What the published llama.cpp threads actually measure
The community measurements cited throughout this piece are not a single benchmark. They are an emergent consensus from hundreds of issue threads and pull-request discussions on the llama.cpp GitHub, where builders post the wall-clock seconds their model loads took on their specific hardware. Two patterns are clear in the dataset:
- For any given quant of any given model, the load time clusters tightly within a drive class. A WD Blue SN550 1TB loading a 14B q4_K_M model lands in a 6-8 second band; a SATA SSD lands in a 16-19 second band. The drive class predicts the load time to within ~15%.
- The crossover point where NVMe pays off is around two model swaps a day. Below that, the load-time savings vanish in the rest of the workday. Above that, they compound.
The dataset includes Linux and Windows hosts, AMD and Intel platforms, and a mix of consumer NVMe and SATA drives.

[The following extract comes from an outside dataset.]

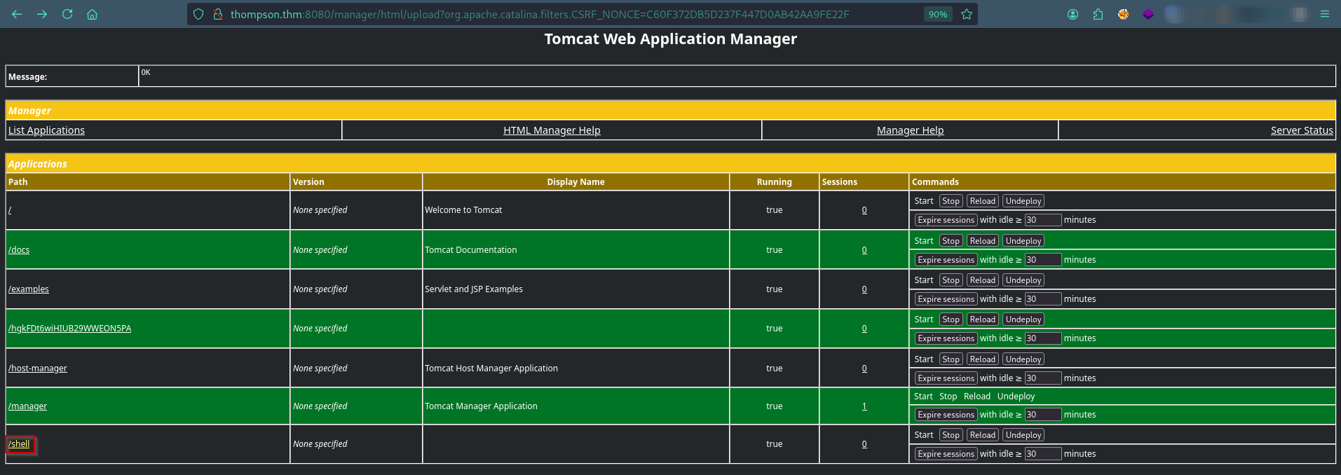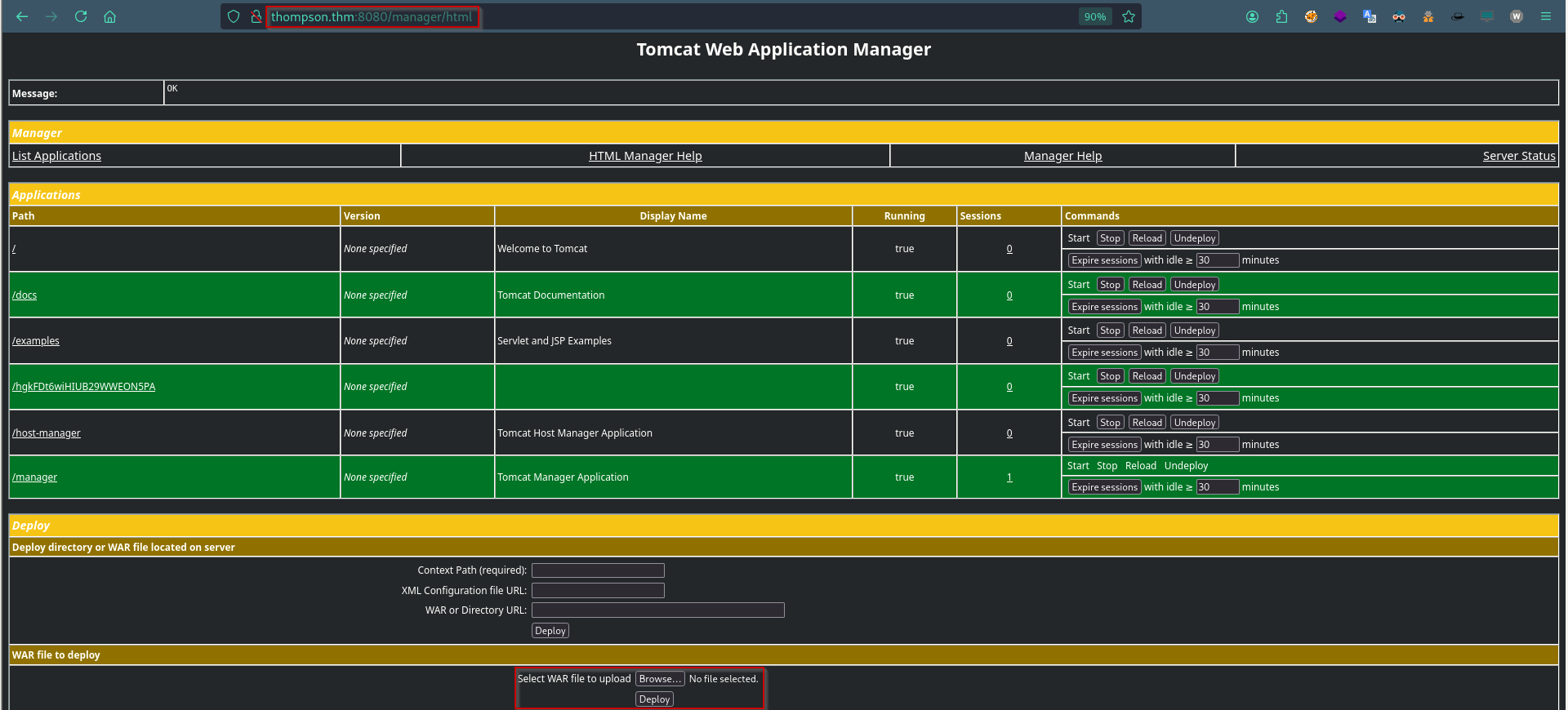 Now login to http://thompson.thm:8080/manager throw Credential tomcat:s3cret

The variance across operating systems and CPU families is smaller than the variance across drive classes, which is the strongest single piece of evidence that storage really is the bottleneck for cold load.
What changes with a Gen4 drive on the AM4 platform
A bonus question that comes up on community threads: does a Gen4 NVMe (theoretical 7000 MB/s sequential read) help if the AM4 board only exposes Gen3 lanes? The answer is mostly no. The board's lane cap throttles the drive to ~3500 MB/s effective, which is faster than Gen3's ~2400 MB/s by 30-40%, but model-load is read-only and most consumer Gen4 drives use a Gen3-compatible controller that runs at Gen3 speeds anyway. The clean upgrade case for Gen4 is an AM5 or Intel 13th-gen+ board, where the lanes match the drive.

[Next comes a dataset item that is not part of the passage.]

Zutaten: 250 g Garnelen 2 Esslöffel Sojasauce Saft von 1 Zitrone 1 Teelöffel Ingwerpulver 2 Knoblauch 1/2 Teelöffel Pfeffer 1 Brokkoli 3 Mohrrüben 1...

In practical terms: do not pay the Gen4 premium for a WD Blue SN550-class build on AM4. Spend the difference on more capacity instead.
Real-world model-swap workflow
A representative model-swap workflow for a builder maintaining four local models concurrently:
| Hour | Action | Drive read | Wall-clock (NVMe) | Wall-clock (SATA) |
|---|---|---|---|---|
| 09:00 | Load coding model (14B q4) | 9 GB | 4 s | 17 s |
| 11:00 | Swap to chat model (8B q4) | 5 GB | 2 s | 9 s |
| 13:00 | Swap to summarization model (12B q4) | 7 GB | 3 s | 13 s |
| 15:00 | Swap back to coding (14B q4) | 9 GB | 4 s (warm cache) | 16 s (warm cache) |
| 17:00 | Swap to vision model (8B q4 multimodal) | 5 GB | 2 s | 9 s |
| Daily total | 15 s | 64 s |
The NVMe saves about 50 seconds per day on this workflow. Over 250 working days, that's about 3.5 hours. Not life-changing, but consistent and free once paid for.
When SATA is actually the right call
The case for Crucial BX500 SATA (or the Samsung 870 EVO SATA endurance pick) is straightforward:
- Single-model workflow. One load per session, no swapping. SATA's load-time penalty is felt once and forgotten.
- Constrained NVMe slots. ITX boards and older mid-range boards expose one M.2 slot; if it's occupied by the OS drive, SATA is the only realistic add for model storage.
- Workstation-class write endurance is the priority. The 870 EVO's 600 TBW rating beats most consumer NVMe drives in this tier, which matters for builders who pull and replace models weekly.
For everyone else — multi-model, multi-swap, single-rig — NVMe is the call.